Begin with the line containing "알코올은 지방대사를 방해하여", end with the last line of the records, and retype everything in between exactly, without the pictures.

### Excerpted records ###

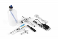 Sada obsahuje: Tankovací láhev 250ml, žhavítko s 2200mAh Aku a nabíječkou USB, Svíčkový klíč s držákem na stand. svíčky a klíčem 5,5 a 7mm, plastový chcípák výfuku, plastový klíč 17mm pro kola a spojku 1/10 On Road.
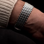 Nahaufnahme einer Audemars Piguet Cobra Bracelet 18k Diamond Blue aus den 1990er Jahren. 29 mm aus 18 Karat Weißgold mit Handaufzugswerk, tiefblauem Zifferblatt, 32 Diamanten und verstellbarem Armband.
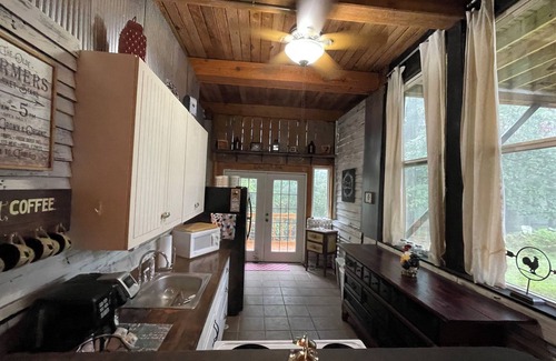 The Mountaintop Homestead is a unique, very private, adults-only 3-story, rustic cabin located on Summerhouse Mountain on a working farm. It is best suited for people who are in the area to work, hunt and/or fish, people who want to experience farm living, or just to enjoy a quiet get-away. Although in a remote location, it's only 15 minutes to Walmart & local area restaurants & attractions. It's 45 minutes to downtown Chattanooga; and 1.5 hrs to Huntsville, Birmingham, & Nashville. It has a queen bed, a full bed, and lots of outdoor living space. Enjoy the convenience of WiFi, heating, AC, and more. We raise cows, pigs, chickens, turkeys and ducks, as well as fruit and vegetable gardens. We are always willing to share fresh eggs and other produce when available! Our farm dog, Mya, is very friendly and considers it her responsibility to welcome all new guests. Because introducing new pets can be unpredictable, we request that you respect the no pet policy.
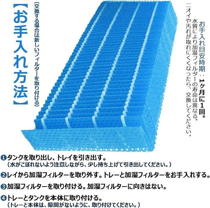「加湿フィルターのメンテナンス目安」手入れ目安時期:1ヶ月に1回(水質により加湿フィルターの寿命は異なる。
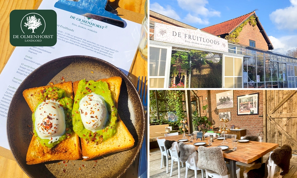 Geniet van een overheerlijke 2-gangenlunch à la carte bij De Fruitloods van Landgoed de Olmenhorst: proef de smaak van biologische en lokale ingrediënten
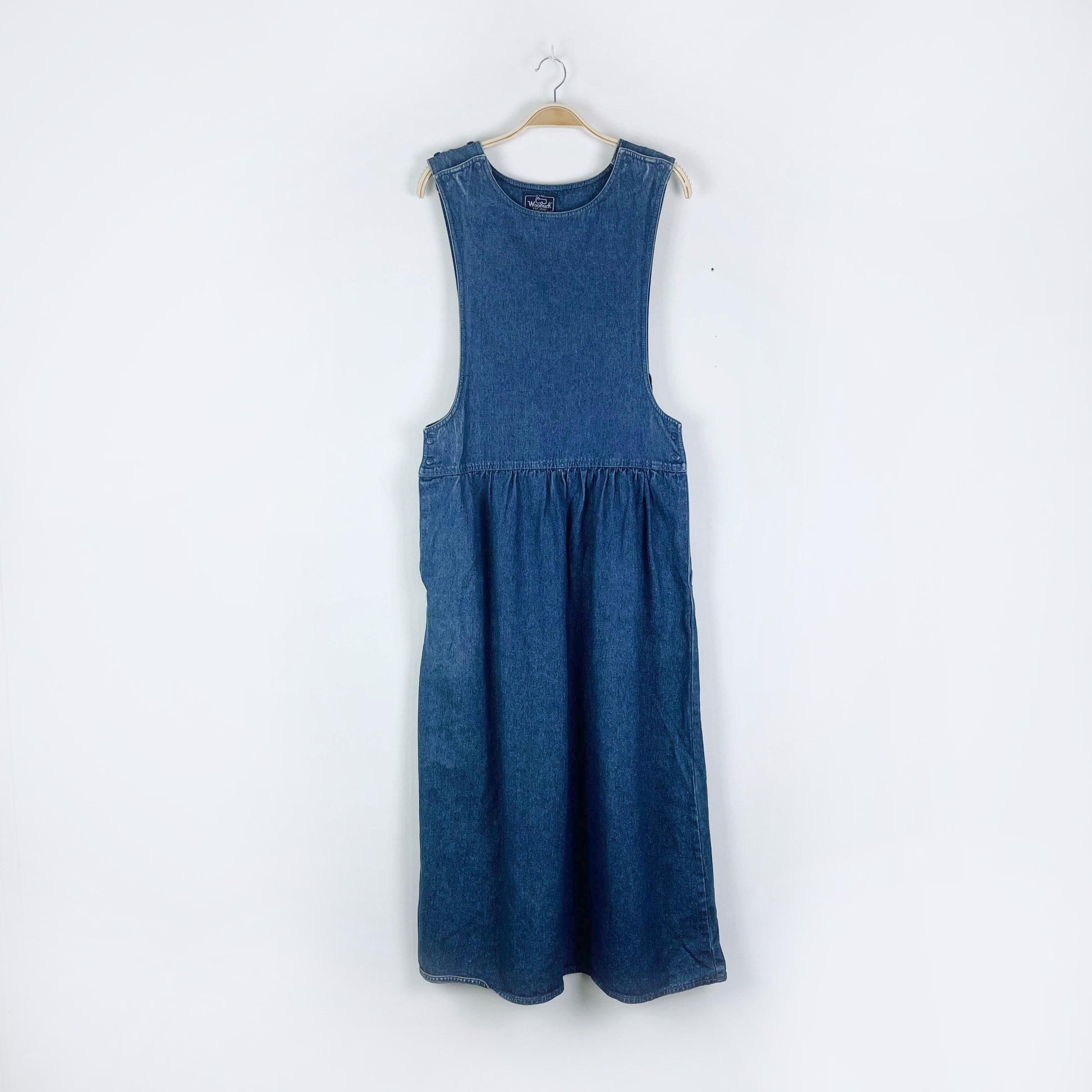 Measurements: 18" across waist (where bib meets skirt seam) 19" shoulder to waist seam, 52" shoulder to hem
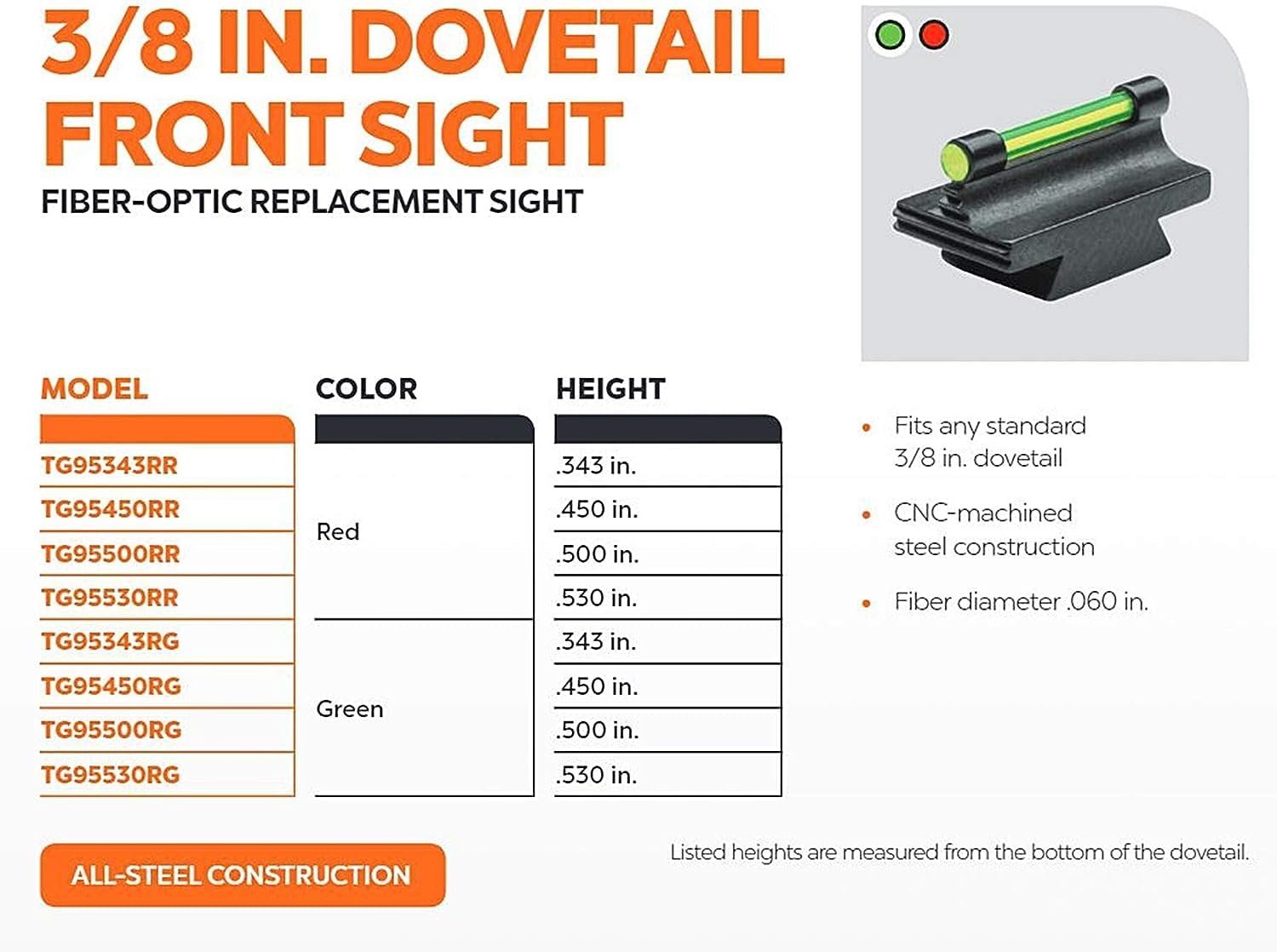 - Style: 3/8-Inch Dovetail Front Rifle Sight
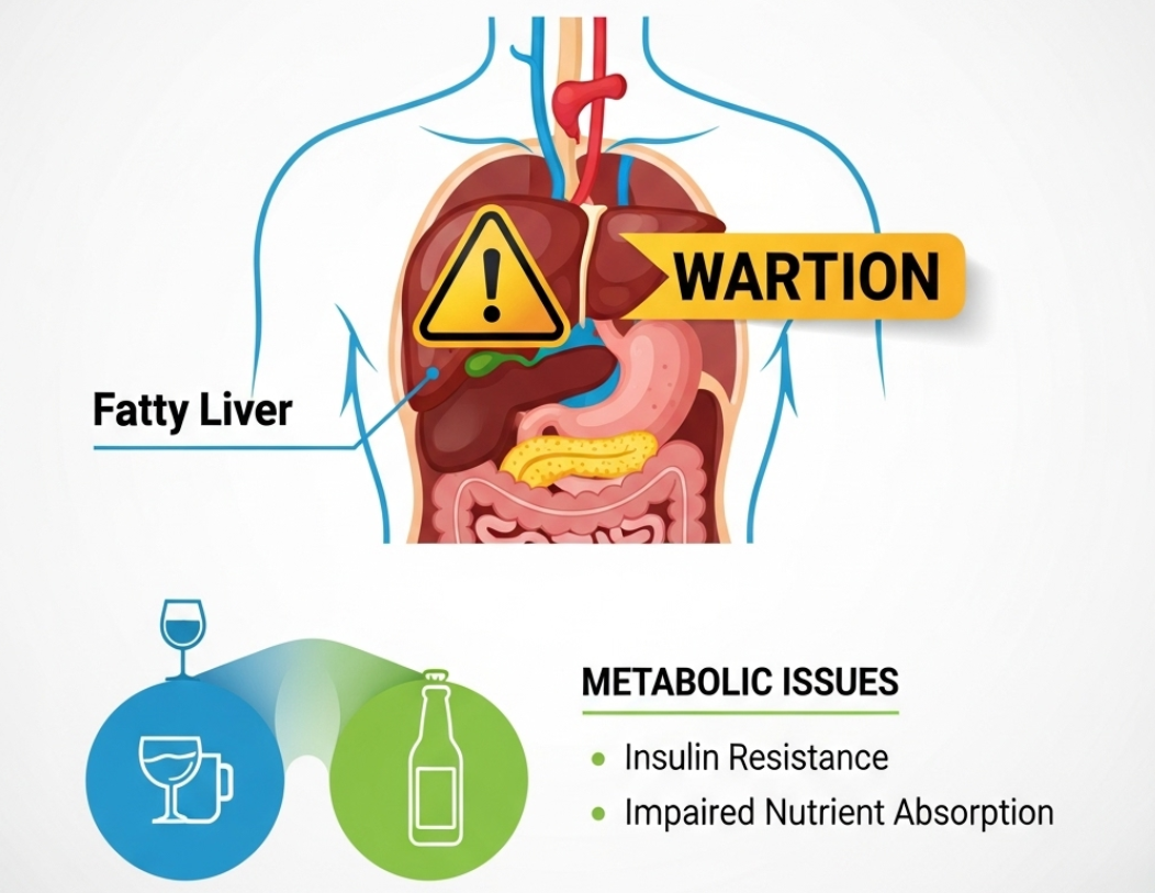 알코올은 지방대사를 방해하여 지방간이나 이상지혈증을 유발하기도 하며, 탄수화물 대사를 방해하여 젖산산증이나 저혈당을 유발하기도 합니다.
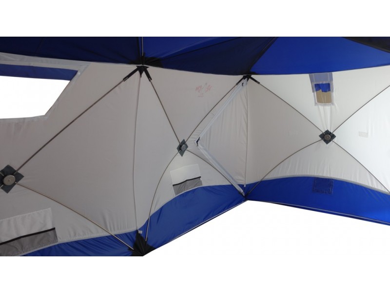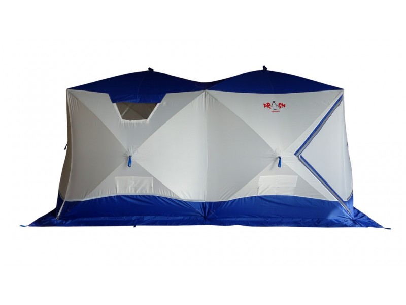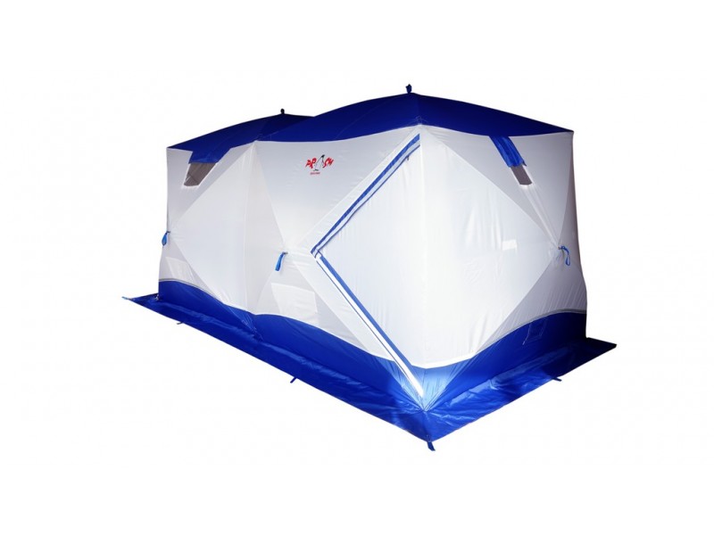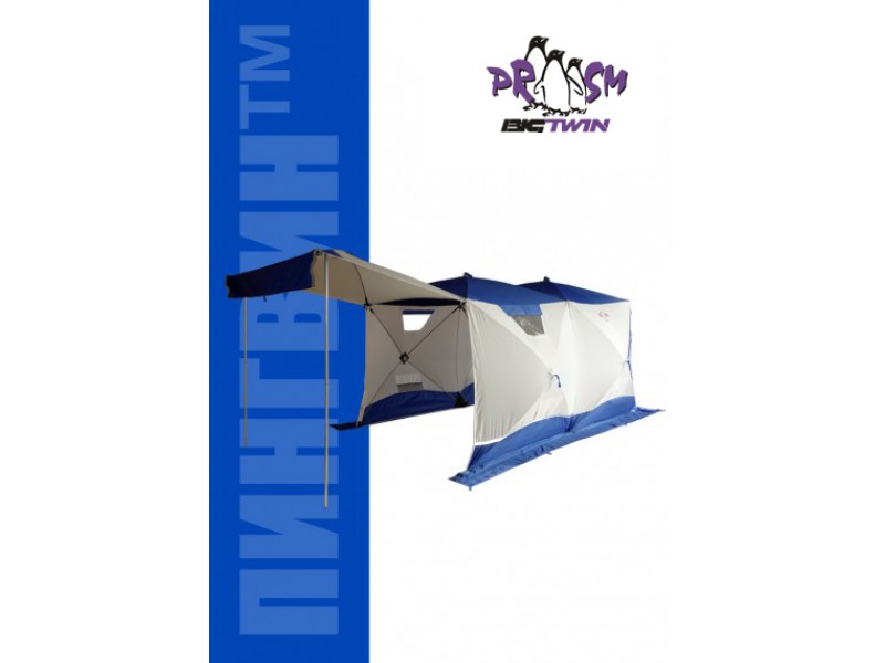 Имеет форму двойного куба, что позволяет организовать базовый лагерь от 4-х человек и при этом рационально использовать пространство. "Big Twin" - это не только укрытие для рыбаков. Благодаря конструкции "Шелтерс", одна из сторон поднимается и становится крышей, тем самым модифицируя палатку в шатер. Летом, установив палатку на берегу водоема, вы находитесь в укрытии и в то же время имеете открытый доступ к воде и абсолютно свободно работаете со снастями. В то же время вещи, прикормка, насадка, снасти - всё находится рядом в укрытии. Размеры "Big Twin" позволяют комфортно расположить вещи и с удобством разместиться самим. Зимой сверлить лунки можно непосредственно в установленной палатке. Несмотря на свои размеры, палатка выдерживает порывистый ветер. Легко ставится в любую погоду. Для удобства в палатке также сделано два входа. Входы сделаны напротив друг друга, что позволяет оптимизировать внутреннее пространство (при этом открывающая сторона находится напротив дверей). Входы с фиксатором – липучкой выполнены в угловом варианте и снабжены специальной зимней молнией, которая снаружи имеет защитную планку, предотвращающую от замерзания. На наружной юбке имеются оттяжки для крепления порогов при отсутствии снега. Тент кроме поднимающейся стороны и двух входов имеет: 3 форточки, выполненных из прозрачной морозостойкой ПВХ-плёнки (одна полностью съёмная), 4 настрочных кармана с сеткой, 4 потолочных кармана-сетки, выход под трубу на липе. Основной цвет белый с цветной крышей и порогами. Снаружи имеются светоотражающие элементы, что очень важно для безопасности на льду в темное время суток.

###

→ Solution for this task
 알코올은 지방대사를 방해하여 지방간이나 이상지혈증을 유발하기도 하며, 탄수화물 대사를 방해하여 젖산산증이나 저혈당을 유발하기도 합니다.
 Имеет форму двойного куба, что позволяет организовать базовый лагерь от 4-х человек и при этом рационально использовать пространство. "Big Twin" - это не только укрытие для рыбаков. Благодаря конструкции "Шелтерс", одна из сторон поднимается и становится крышей, тем самым модифицируя палатку в шатер. Летом, установив палатку на берегу водоема, вы находитесь в укрытии и в то же время имеете открытый доступ к воде и абсолютно свободно работаете со снастями. В то же время вещи, прикормка, насадка, снасти - всё находится рядом в укрытии. Размеры "Big Twin" позволяют комфортно расположить вещи и с удобством разместиться самим. Зимой сверлить лунки можно непосредственно в установленной палатке. Несмотря на свои размеры, палатка выдерживает порывистый ветер. Легко ставится в любую погоду. Для удобства в палатке также сделано два входа. Входы сделаны напротив друг друга, что позволяет оптимизировать внутреннее пространство (при этом открывающая сторона находится напротив дверей). Входы с фиксатором – липучкой выполнены в угловом варианте и снабжены специальной зимней молнией, которая снаружи имеет защитную планку, предотвращающую от замерзания. На наружной юбке имеются оттяжки для крепления порогов при отсутствии снега. Тент кроме поднимающейся стороны и двух входов имеет: 3 форточки, выполненных из прозрачной морозостойкой ПВХ-плёнки (одна полностью съёмная), 4 настрочных кармана с сеткой, 4 потолочных кармана-сетки, выход под трубу на липе. Основной цвет белый с цветной крышей и порогами. Снаружи имеются светоотражающие элементы, что очень важно для безопасности на льду в темное время суток.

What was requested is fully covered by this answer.